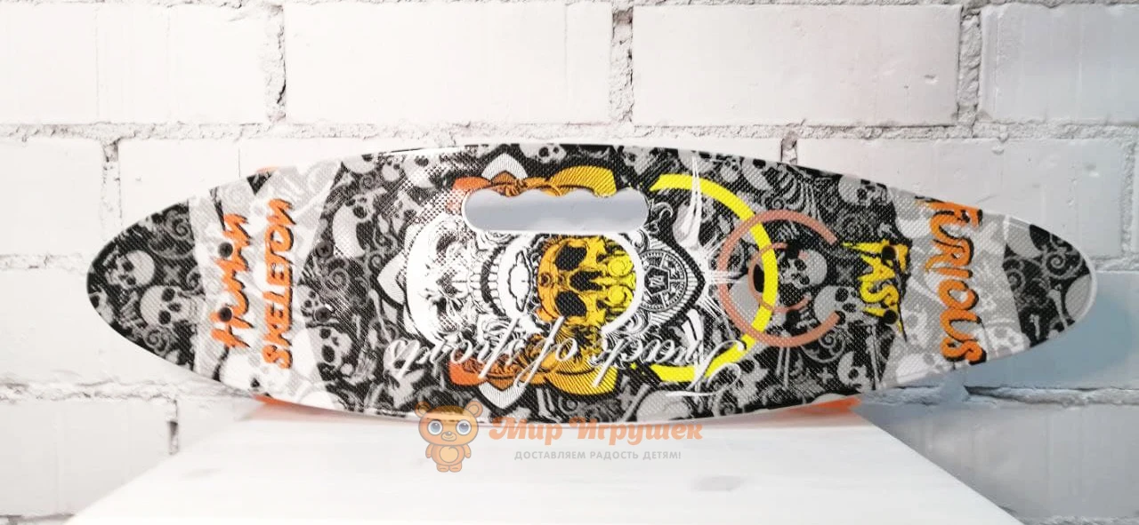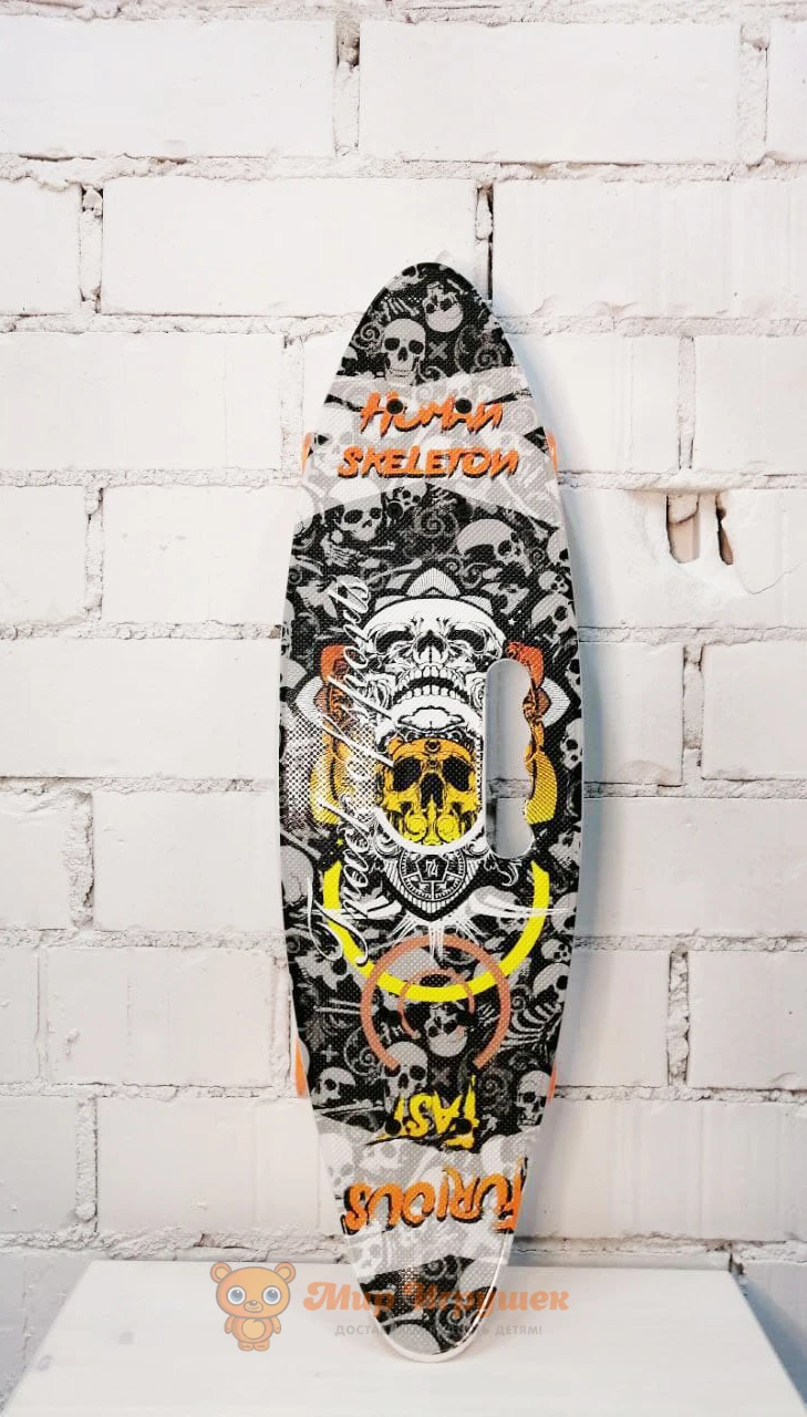 Скейтборд (пенни борд) - Skeleton, со светящимися колёсами и ручкой, 120/8mi
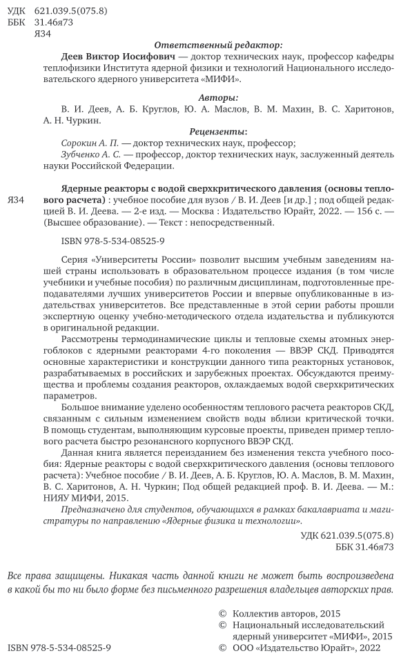 На сегодняшний день товар «Книга: Ядерные реакторы с водой сверхкритического давления (основы теплового расчета). Учебное пособие (Андрей Николаевич Чуркин); ЮРАЙТ, 2018» можно купить с кешбеком в 1 магазине: ЛитРес
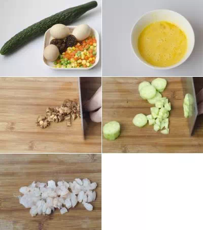 1.准备的部分材料 2.将蛋打散 3.香菇切丁 4.青瓜去皮,切丁 5.将虾仁去线,切丁
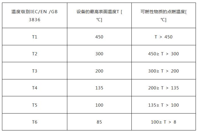 電氣設(shè)備按其最高表面溫度分為 T1~T6 組,使得對應(yīng)的 T1~T6 組的電氣設(shè)備的最高表面溫度不能超過對應(yīng)的溫度組別的允許值。溫度組別、設(shè)備表面溫度和可燃性氣體或蒸汽的引燃溫度之間的關(guān)系如下表所示:
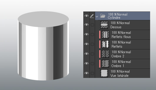 Le fait d’utiliser des calques séparés pour les côtés et le dessus facilite la peinture des ombres et des reflets lors des étapes suivantes.
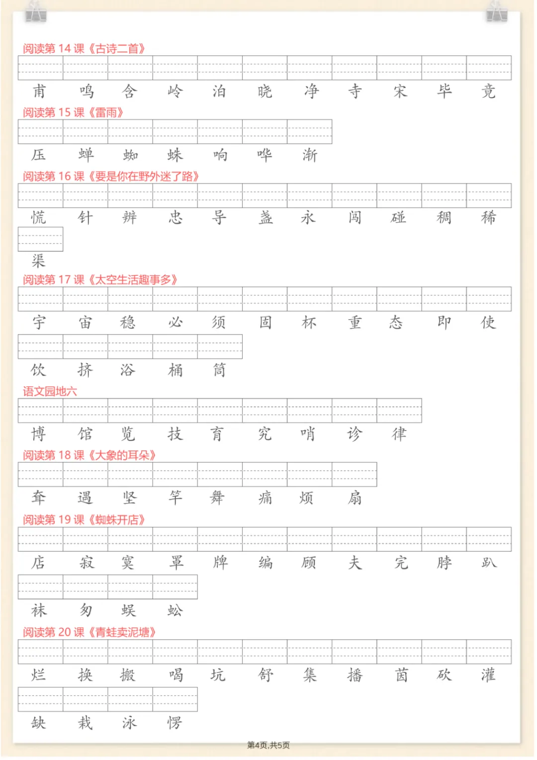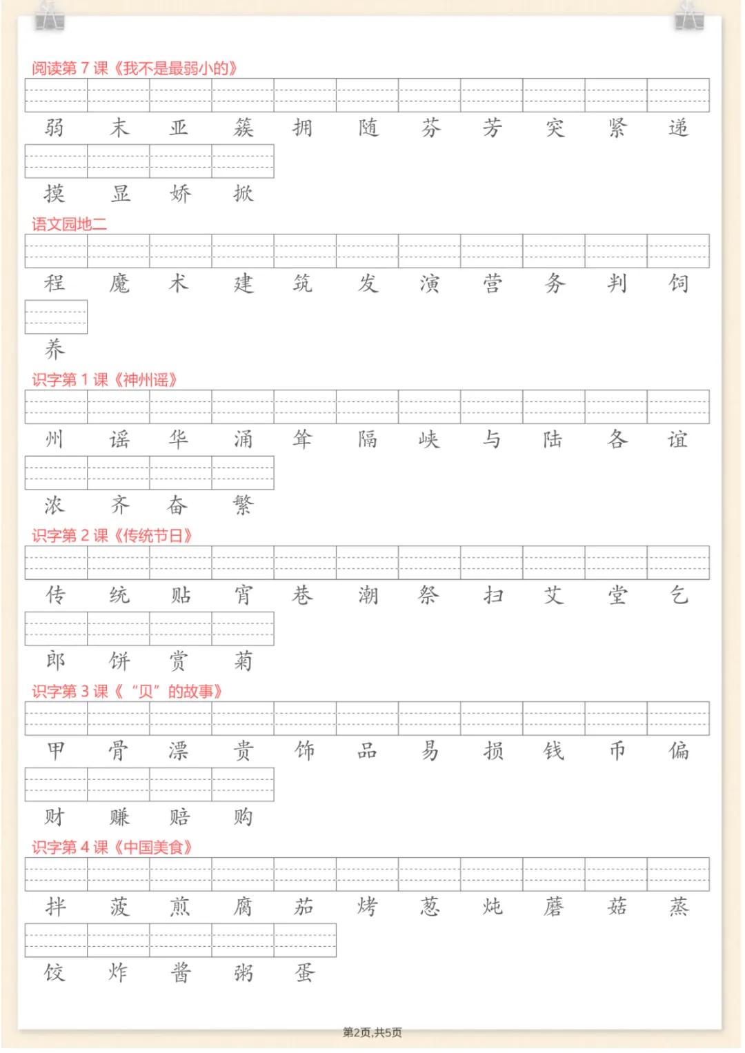 二年级下语文每课识字表注音专项练习,电子版可打印
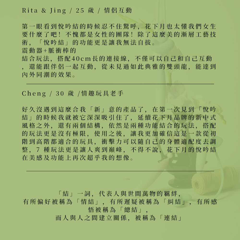 享受屋內,暗香盈袖,紅燭昏帳的「悅吟結」
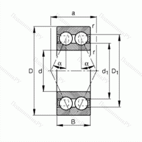 двухрядные, угол контакта α = 25°
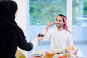 Muslim family having Iftar dinner drinking water to break feast. Eating traditional food during Ramadan feasting month at home. The Islamic Halal Eating and Drinking in modern home.

■ PROBLEM
Leaving the images out, retype all the material above exactly.

■ TASK RESULT
 Скейтборд (пенни борд) - Skeleton, со светящимися колёсами и ручкой, 120/8mi
 На сегодняшний день товар «Книга: Ядерные реакторы с водой сверхкритического давления (основы теплового расчета). Учебное пособие (Андрей Николаевич Чуркин); ЮРАЙТ, 2018» можно купить с кешбеком в 1 магазине: ЛитРес
 1.准备的部分材料 2.将蛋打散 3.香菇切丁 4.青瓜去皮,切丁 5.将虾仁去线,切丁
 電氣設(shè)備按其最高表面溫度分為 T1~T6 組,使得對應(yīng)的 T1~T6 組的電氣設(shè)備的最高表面溫度不能超過對應(yīng)的溫度組別的允許值。溫度組別、設(shè)備表面溫度和可燃性氣體或蒸汽的引燃溫度之間的關(guān)系如下表所示:
 Le fait d’utiliser des calques séparés pour les côtés et le dessus facilite la peinture des ombres et des reflets lors des étapes suivantes.
 二年级下语文每课识字表注音专项练习,电子版可打印
 享受屋內,暗香盈袖,紅燭昏帳的「悅吟結」
 двухрядные, угол контакта α = 25°
 Muslim family having Iftar dinner drinking water to break feast. Eating traditional food during Ramadan feasting month at home. The Islamic Halal Eating and Drinking in modern home.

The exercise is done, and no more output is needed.